Я не встречалась с ним раньше, поэтому не узнала в полном невысоком господине своего отца, господина Гако Эттани. Когда он представился, с неприязнью на меня посмотрев, я вздрогнула и отшатнулась. Раньше мне казалось, что господин Эттани является чем-то вроде семейной легенды – он не бывал в Венте с того самого дня, как оставил здесь мою беременную полубезумную мать. Раз в пару месяцев у дверей тетушки появлялся слуга, который передавал небольшой кошелек. Денег, что содержались в нем, хватало для скромной жизни, другой мы с тетушкой и не знавали. Теперь же я наконец осознала, что Эттани и в самом деле богат – одежда его была пошита из лучшего бархата, на шее сверкала толстая золотая цепь, пальцы унизаны кольцами, а от его величественного взгляда хотелось немедленно пасть на колени. Тетушка, в отличие от меня, ничуть не смутилась и тут же перешла в наступление:
– Господин Эттани, я никогда ранее не просила, и уж тем более не требовала, чтобы вы принимали какое-либо участие в судьбе Годэ! – сказала она, даже не подумав тратить время на подобающие ситуации вежливые расспросы о погоде и здоровье родственников. – Я знаю, что вы женились во второй раз сразу же после смерти Данар, и не могу вас за это осуждать, хотя видит бог, как я до сих пор сожалею о горькой судьбе моей бедной сестры, так и не узнавшей счастья на чужбине. У вас есть семья, для которой Гоэдиль – чужой человек, и я бы не стала нарушать ваш семейный покой, если бы в том не возникла острая нужда. Годэ собралась в монастырь. Причем собралась туда для того, чтобы быстрее отдать богу душу. И единственный человек, который может ей это запретить – это вы, господин Гако.
Гако Эттани, которого я даже мысленно не могла назвать отцом, во время всей этой речи не явил на лице ни одного признака каких-либо чувств, из чего можно было сделать вывод, что ему решительно наплевать на то, что я намереваюсь делать со своей жизнью, вне всякого сомнения, никчемной с его точки зрения.
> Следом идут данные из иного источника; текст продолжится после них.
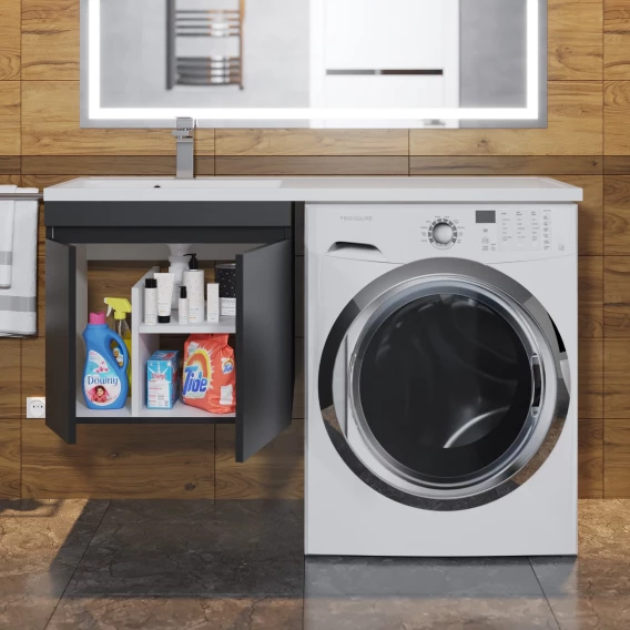 Тумба с раковиной Uperwood Magenta 51930205152 120 см L, подвесная, над стиральной машиной, черный матовый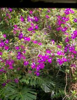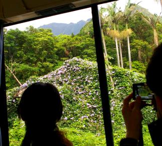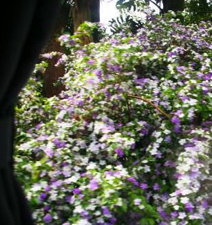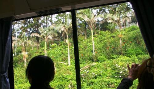 ![]() 車窓からはヤシの木(新しい葉が出ると一枚自然に落ちると?)と、花に覆われた廃屋? |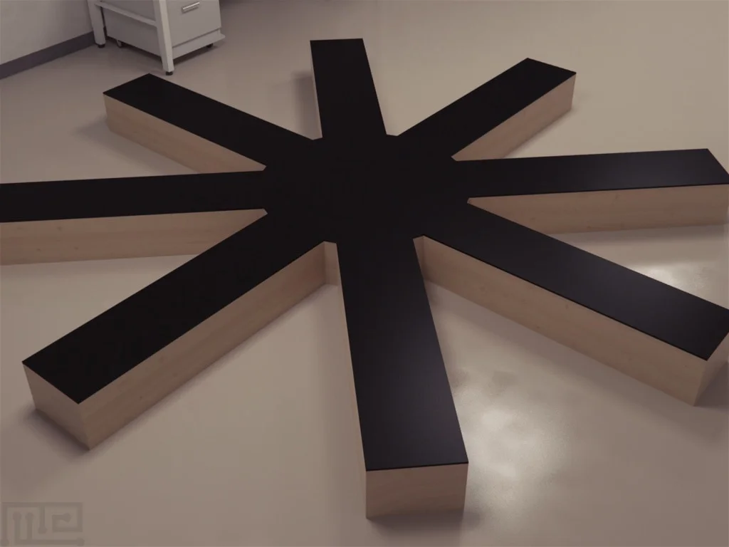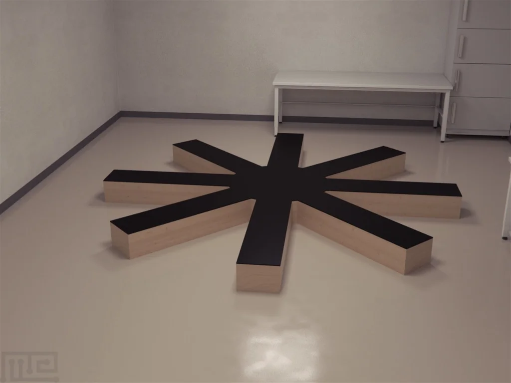 Our mixed reality Elevated Plus Maze integrates a physical wooden structure for a more immersive experience. The maze is built from wood, with each arm measuring 30 cm in width, 20 cm in height, and 175 cm in length. The arms extend perpendicularly from a central junction. The maze occupies a 350 x 350 cm area within a 550 x 550 cm room.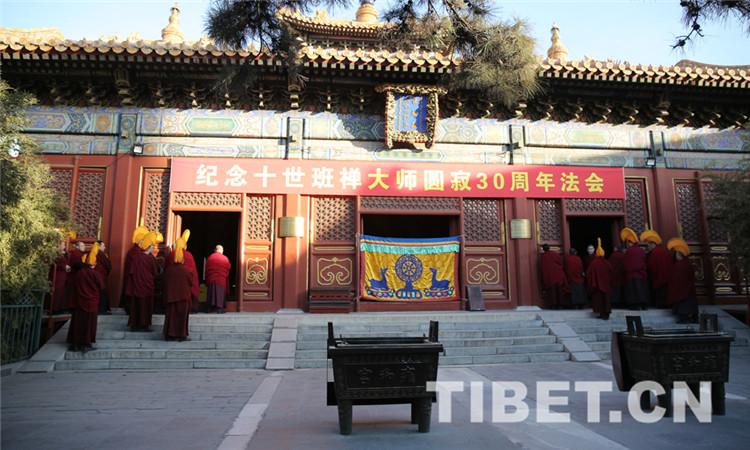 中國(guó)西藏網(wǎng)訊 1月28日,雍和宮舉行法會(huì),紀(jì)念十世班禪大師圓寂30周年。圖為上午8時(shí)許,約80位教職人員、僧人誦禱經(jīng)文,有序進(jìn)入法輪殿。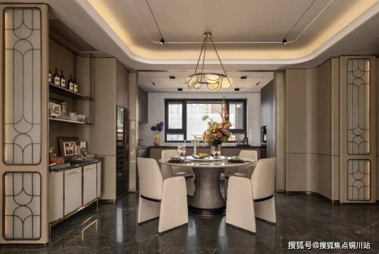 一侧灵活配置的活动餐边柜,兼顾了实用与美观。这里的亮点在于对材质组合的极致追,不同肌理与光泽度的材料被精密地嵌合在一起,构成一曲刚柔并济的材质交响诗。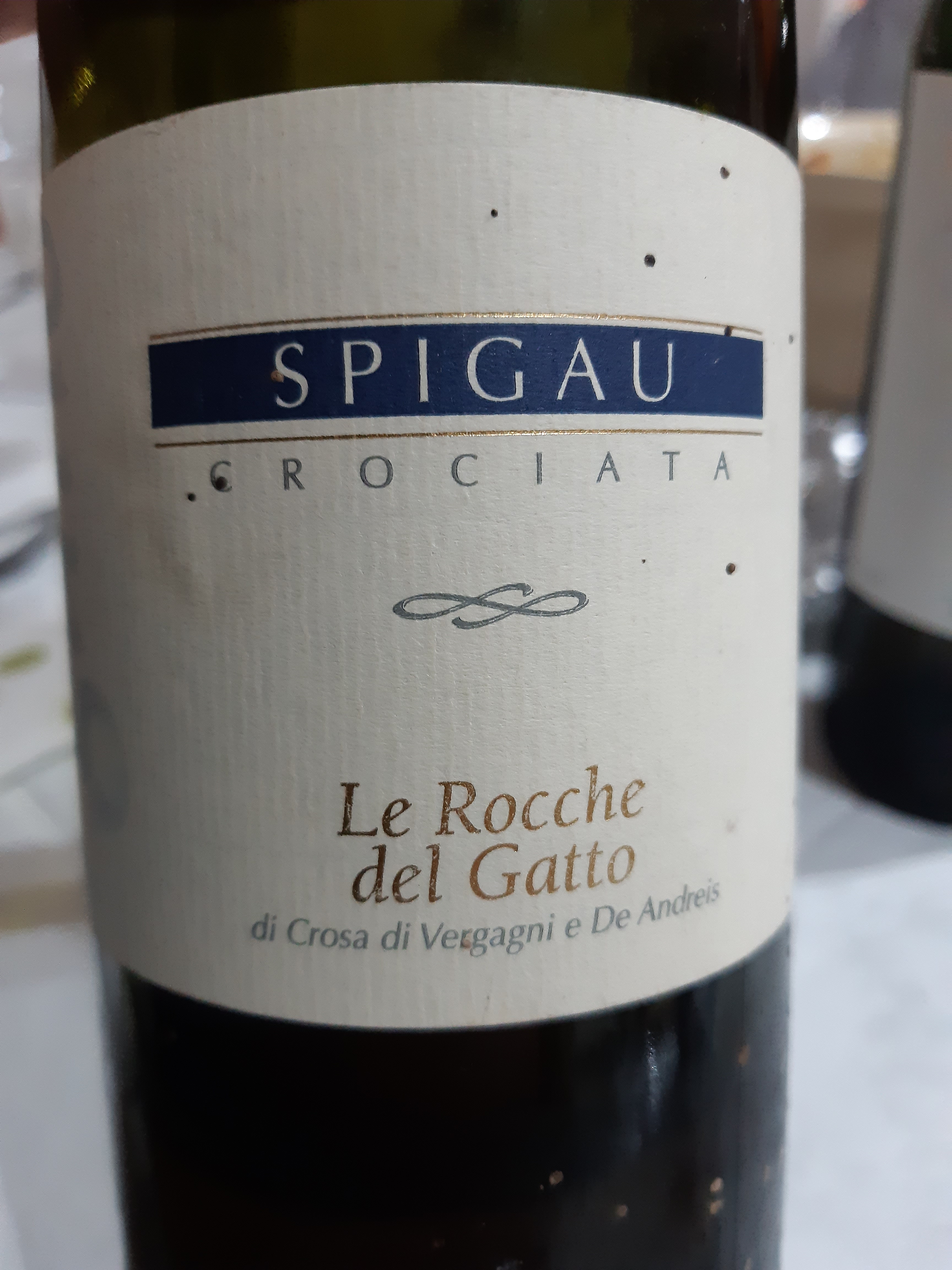 Il vino fortunatamente si presenta integro fin dal bel colore giallo oro lucente. Tripudio di sensazioni odorose che vanno dall’idrocarburo al limone candito, dalla scorza d’arancia allo zenzero, dal pepe bianco alla felce… A tanta complessità olfattiva fa da contraltare un sorso di grande droiture, con una punta di anidride carbonica ancora presente (a 14 anni dalla vendemmia!) ed una acidità strabordante che sferza il palato e rende la beva pericolosa. Nonostante sia di corpo piuttosto esile, il vino ha un’ottima dinamica e una elegante e lunga persistenza. I ritorni aromatici sono di agrumi e roccia.

Тетушка, впрочем, будучи женщиной неглупой, тоже это заметила и, недолго посокрушавшись над моей вдовьей судьбой, закончила свою речь так:
– Догадываюсь, что вам безразлична судьба вашей дочери, но она не безразлична мне. Поэтому я в лепешку расшибусь, но заставлю вас вмешаться. Дьявол меня подери, если я не подам в суд жалобу на то, что вы отреклись от своей законной дочери и не устраиваете ее судьбу, что недостойно человека благородного сословия!
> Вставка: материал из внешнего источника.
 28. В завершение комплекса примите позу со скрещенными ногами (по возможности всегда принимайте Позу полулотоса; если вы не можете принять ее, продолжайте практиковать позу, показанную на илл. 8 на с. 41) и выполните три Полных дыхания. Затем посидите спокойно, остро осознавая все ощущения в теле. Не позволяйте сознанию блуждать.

Тут выражение лица Гако стало кислым, и я поняла, что столь неприятная огласка истории с первым браком для господина Эттани нежелательна. Тетушка загнала его в угол. Точно так же она поступила и со мной. Я любила ее, поэтому не стала говорить, что никогда не прощу ей этого. В спешке я собрала самые необходимые вещи, господин Эттани нанял повозку для меня, и в тот же день, под вечер, мы отправились в Иллирию. Всю дорогу по моему лицу катились слезы – я малодушно оплакивала не свой родной дом, не воспоминания о Лессе, не предательство тетушки – лишь свое будущее, которое виделось мне выгоревшим дотла садом, где раньше росли скромные незаметные цветы. Возможно, в душе у меня до какого-то момента теплилась надежда, что перемена мест поспособствует моему успокоению, и что в монастыре, куда я намеревалась отправиться, ко мне вернется покой. Теперь я поняла, что горе, от которого саднило сердце, всегда останется со мной, куда бы я ни пыталась сбежать.
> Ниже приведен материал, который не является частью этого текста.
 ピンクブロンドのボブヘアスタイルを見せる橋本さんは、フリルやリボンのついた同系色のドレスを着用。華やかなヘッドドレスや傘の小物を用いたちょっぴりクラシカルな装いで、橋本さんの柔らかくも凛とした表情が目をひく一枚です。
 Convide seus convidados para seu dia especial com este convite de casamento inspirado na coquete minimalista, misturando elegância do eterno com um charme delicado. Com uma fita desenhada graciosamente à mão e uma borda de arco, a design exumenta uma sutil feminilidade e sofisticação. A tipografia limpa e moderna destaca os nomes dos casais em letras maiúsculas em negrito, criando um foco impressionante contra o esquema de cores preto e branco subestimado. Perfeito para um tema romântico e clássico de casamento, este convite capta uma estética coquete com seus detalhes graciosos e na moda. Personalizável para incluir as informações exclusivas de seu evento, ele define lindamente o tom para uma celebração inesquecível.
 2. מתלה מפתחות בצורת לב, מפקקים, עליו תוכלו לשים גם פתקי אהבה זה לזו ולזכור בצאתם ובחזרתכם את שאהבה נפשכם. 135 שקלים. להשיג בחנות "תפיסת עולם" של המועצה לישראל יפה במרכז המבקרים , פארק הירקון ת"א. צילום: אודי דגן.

Вот в таком состоянии души – рвущая на части все живое во мне боль и монотонная, как скрип колес повозки, обреченность – я очутилась в Иллирии, величайшем городе Южных земель.
Глава 2
Господин Гако Эттани женился во второй раз сразу же после смерти моей матери. Брак с Данар был ненавистен ему не менее, чем ей, поскольку был заключен под давлением главы рода Эттани, ныне давно уж усопшего. В то неспокойное послевоенное время союз с ангарийкой казался делом выгодным и почетным, свидетельствовал о патриотизме и государственном устройстве ума жениха, и Гако пришлось прислушаться к словам своего отца.
Данар происходила из старой семьи Ангари, связанной узами родства со старой княжеской династией. Ей полагалось внушительное приданое, размер которого на время затуманил голову молодому Гако, на дух не выносившему ангарийцев после нескольких лет, проведенных на войне. Узнав отца поближе, я в точности могла сказать, как он рассуждал: "Все женщины одинаково неприятны, но за белобрысую тощую ангарийку дают два сундука с золотом – неужто я не смогу выбить зубы этой злобной змее? Она быстро узнает, где ее место, и не доставит впредь никаких хлопот, как и любая другая женщина".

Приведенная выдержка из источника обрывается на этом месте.